Towards Multimodal Video Paragraph Captioning Models Robust to Missing Modality

Sishuo Chen,Lei Li,Shuhuai Ren,Rundong Gao,Yuanxin Liu,Xiaohan Bi,Xu Sun,Lu Hou
2024-03-28
Abstract:Video paragraph captioning (VPC) involves generating detailed narratives for long videos, utilizing supportive modalities such as speech and event boundaries. However, the existing models are constrained by the assumption of constant availability of a single auxiliary modality, which is impractical given the diversity and unpredictable nature of real-world scenarios. To this end, we propose a Missing-Resistant framework MR-VPC that effectively harnesses all available auxiliary inputs and maintains resilience even in the absence of certain modalities. Under this framework, we propose the Multimodal VPC (MVPC) architecture integrating video, speech, and event boundary inputs in a unified manner to process various auxiliary inputs.

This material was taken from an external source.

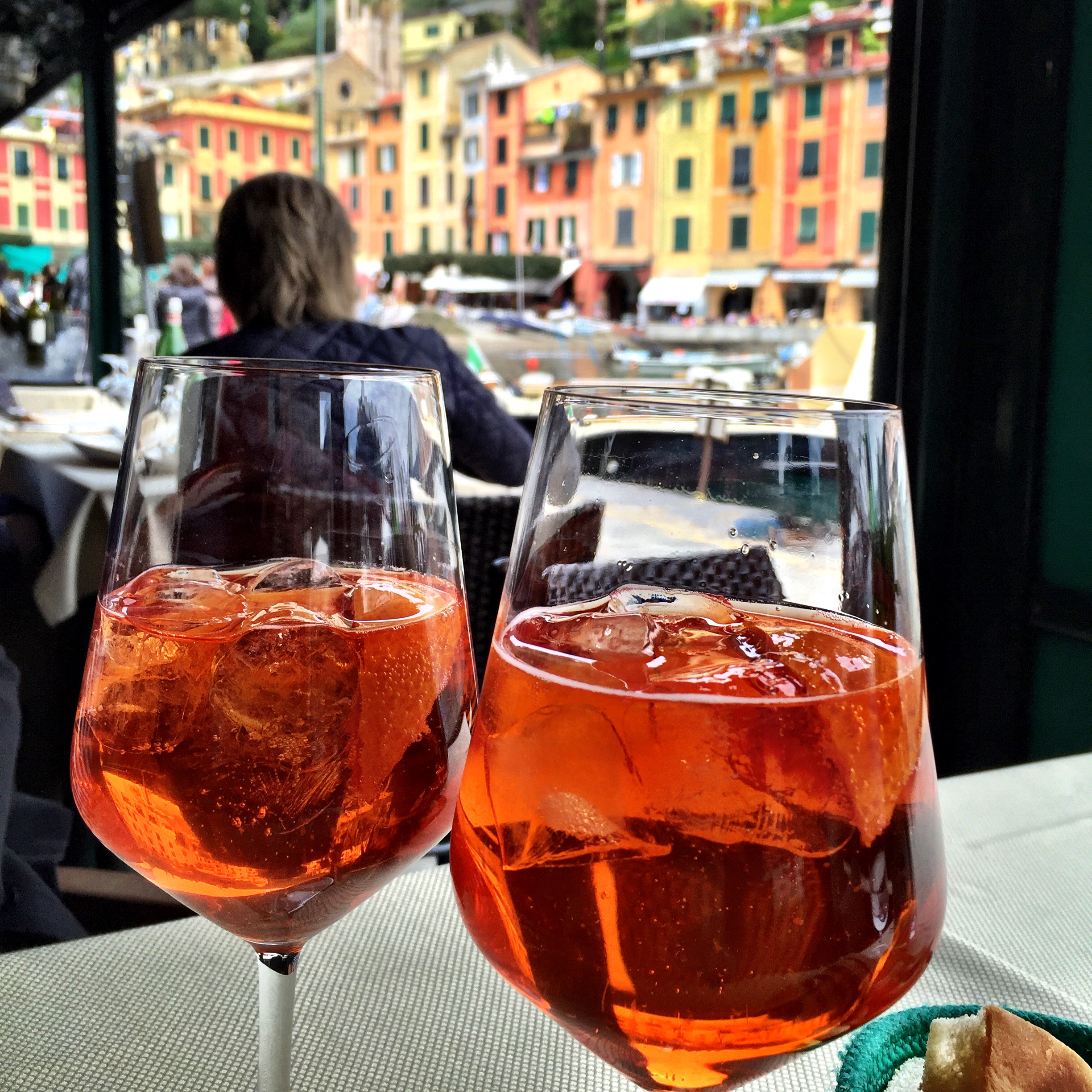 Despite the eclectic modern art, Portofino is a traditional old town. We stopped at a spot on one side of the port and a young waiter told us his family had owned the restaurant for eight generations. Later on the other side of the port we met someone who looked a lot like him. (Do all Italians look alike to Americans?) It was his twin brother at another family restaurant. In Portofino we discovered Aperol Spritz, a distinctly Italian drink, very sweet and refreshing. It will be the drink of the summer at Keuka Lake.

Moreover, to fortify the model against incomplete data, we introduce DropAM, a data augmentation strategy that randomly omits auxiliary inputs, paired with DistillAM, a regularization target that distills knowledge from teacher models trained on modality-complete data, enabling efficient learning in modality-deficient environments. Through exhaustive experimentation on YouCook2 and ActivityNet Captions, MR-VPC has proven to deliver superior performance on modality-complete and modality-missing test data. This work highlights the significance of developing resilient VPC models and paves the way for more adaptive, robust multimodal video understanding.
Computer Vision and Pattern Recognition,Artificial Intelligence
What problem does this paper attempt to address?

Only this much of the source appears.